**Task to complete:**
Nothing but the text belongs in the answer: the listing below, copied exactly, without pictures.

[[ Input data open ]]

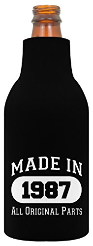 -. Brand : ThisWear -. Feature : A home bar set is a great 30th birthday gift idea. 30th birthday party ideas aren't complete without the necessary bar tools to have a cold one. Bottle openers are great 30th birthday gifts for men. / This durable bottle opener is made from real wood and makes a handsome gift. / This unique bottle opener measures just under 6 inches in length and fits comfortably in the hand. / The bottle coolie is made from premium 1/8 inch thick open cell polyurethane foam keeps your drinks cold and protects countertops from rings. / This home bar set is like giving the gift of relaxation. All the recipient needs to do is add a cold drink. -. Model : A-B-PD-WBO-0002/C0038-JIT03-02-Black-00 -. ProductGroup : Kitchen -. ProductTypeName : KITCHEN -. Title : 30th Birthday Gifts Made 1987 Wood Bottle Opener & Bottle Coolie Bundle Home Bar Set
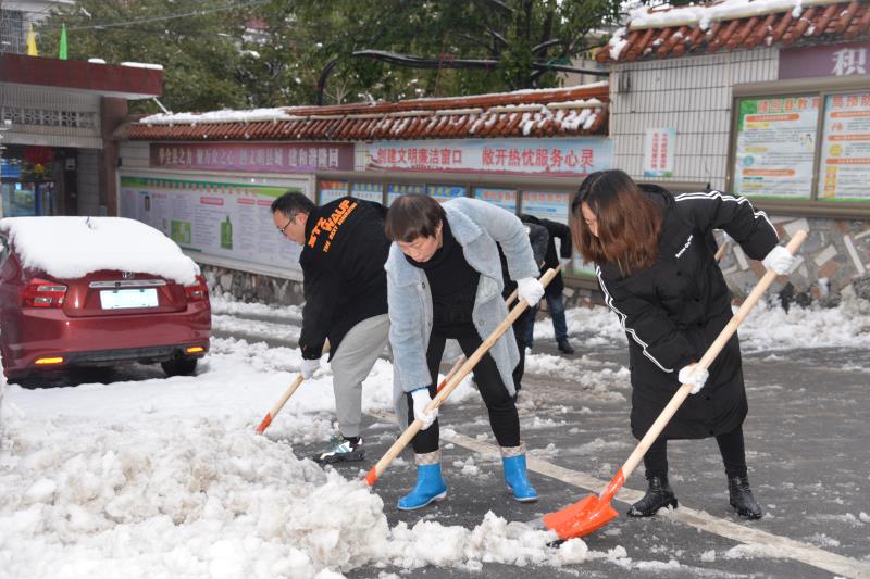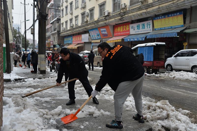 在扫雪现场,大家不畏寒冷,不怕辛苦,齐心协力,边铲边扫,认真清理了局机关院内及周边、文体路道路及人行道的积雪。现场热火朝天,大家干劲十足,为居民扫出了一条“平安路”和“温暖路”。
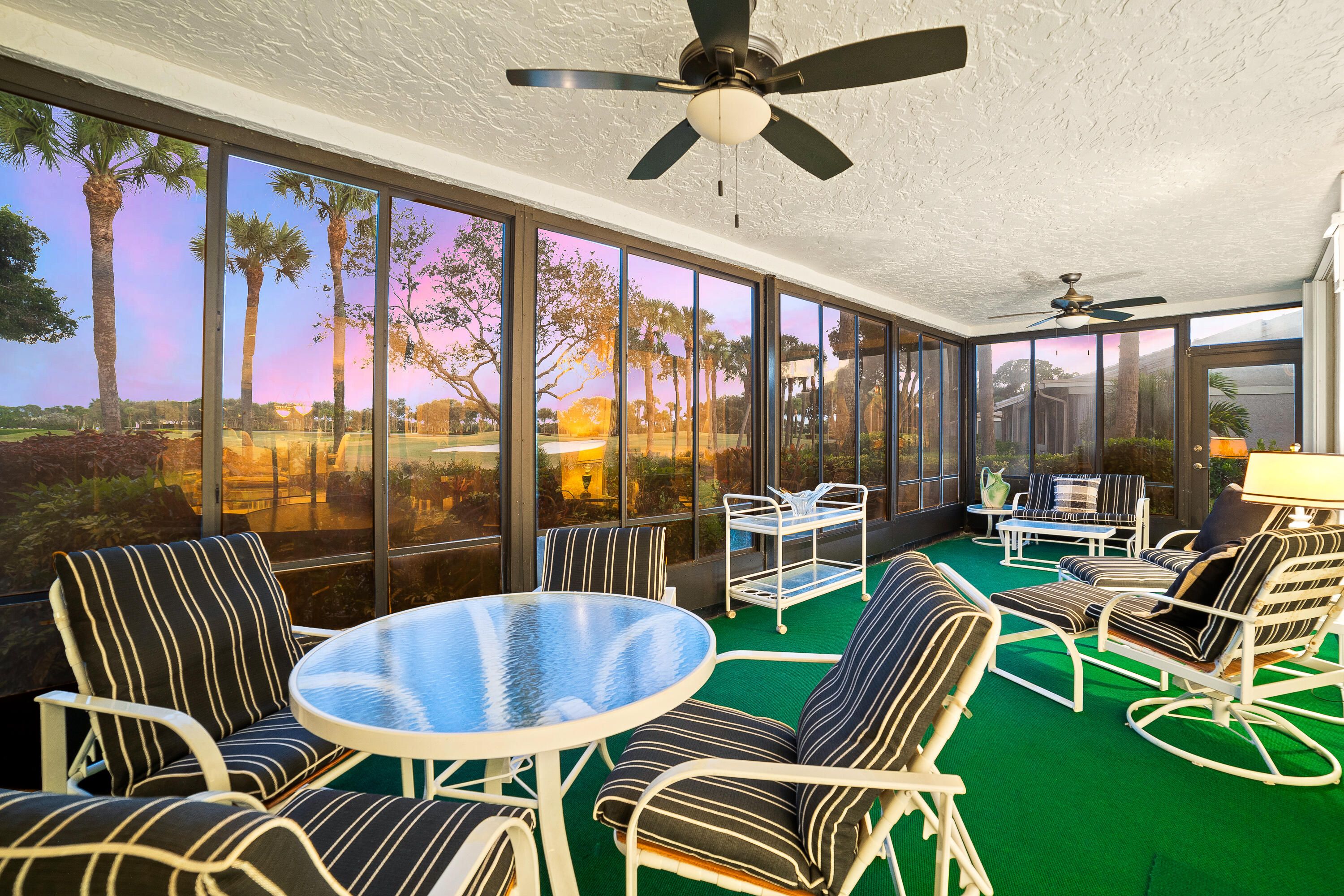 This spacious 1,809-square-foot condo offers sweeping golf course and lake views, three bedrooms—one that can serve as a convertible den, granite counter tops in the kitchen, and two beautifully updated bathrooms. Located on the ground floor, it provides comfortable, convenient access to the outdoors. Inside, abundant natural light fills the living spaces, while the private screened patio overlooking the golf course and wildlife, is perfect for al fresco dining and enjoying Florida's beautiful weather. Off the kitchen and dining room is a large private patio ideal for grilling and outdoor entertaining. There is also a community pool and clubhouse minutes away. The luxury lifestyle awaits at Hunters Run Country Club, offering three, 18 hole championship golf courses including the brand-new East Course designed by Kip Schulties, 18 Har-Tru tennis courts, 12 pickleball courts, a resort-style clubhouse and pool, full-service salon and spa, state-of-the-art fitness center, six dining venues, and more! There is a mandatory one-time equity and initiation fee of $125,000, plus monthly dues.
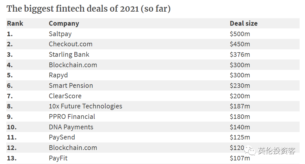 下表显示了2021年上半年全球金融科技领域最大的13笔融资,其中位于伦敦的公司占据了前4名。

[[ Input data closed ]]

**Written reply:**
 -. Brand : ThisWear -. Feature : A home bar set is a great 30th birthday gift idea. 30th birthday party ideas aren't complete without the necessary bar tools to have a cold one. Bottle openers are great 30th birthday gifts for men. / This durable bottle opener is made from real wood and makes a handsome gift. / This unique bottle opener measures just under 6 inches in length and fits comfortably in the hand. / The bottle coolie is made from premium 1/8 inch thick open cell polyurethane foam keeps your drinks cold and protects countertops from rings. / This home bar set is like giving the gift of relaxation. All the recipient needs to do is add a cold drink. -. Model : A-B-PD-WBO-0002/C0038-JIT03-02-Black-00 -. ProductGroup : Kitchen -. ProductTypeName : KITCHEN -. Title : 30th Birthday Gifts Made 1987 Wood Bottle Opener & Bottle Coolie Bundle Home Bar Set
 在扫雪现场,大家不畏寒冷,不怕辛苦,齐心协力,边铲边扫,认真清理了局机关院内及周边、文体路道路及人行道的积雪。现场热火朝天,大家干劲十足,为居民扫出了一条“平安路”和“温暖路”。
 This spacious 1,809-square-foot condo offers sweeping golf course and lake views, three bedrooms—one that can serve as a convertible den, granite counter tops in the kitchen, and two beautifully updated bathrooms. Located on the ground floor, it provides comfortable, convenient access to the outdoors. Inside, abundant natural light fills the living spaces, while the private screened patio overlooking the golf course and wildlife, is perfect for al fresco dining and enjoying Florida's beautiful weather. Off the kitchen and dining room is a large private patio ideal for grilling and outdoor entertaining. There is also a community pool and clubhouse minutes away. The luxury lifestyle awaits at Hunters Run Country Club, offering three, 18 hole championship golf courses including the brand-new East Course designed by Kip Schulties, 18 Har-Tru tennis courts, 12 pickleball courts, a resort-style clubhouse and pool, full-service salon and spa, state-of-the-art fitness center, six dining venues, and more! There is a mandatory one-time equity and initiation fee of $125,000, plus monthly dues.
 下表显示了2021年上半年全球金融科技领域最大的13笔融资,其中位于伦敦的公司占据了前4名。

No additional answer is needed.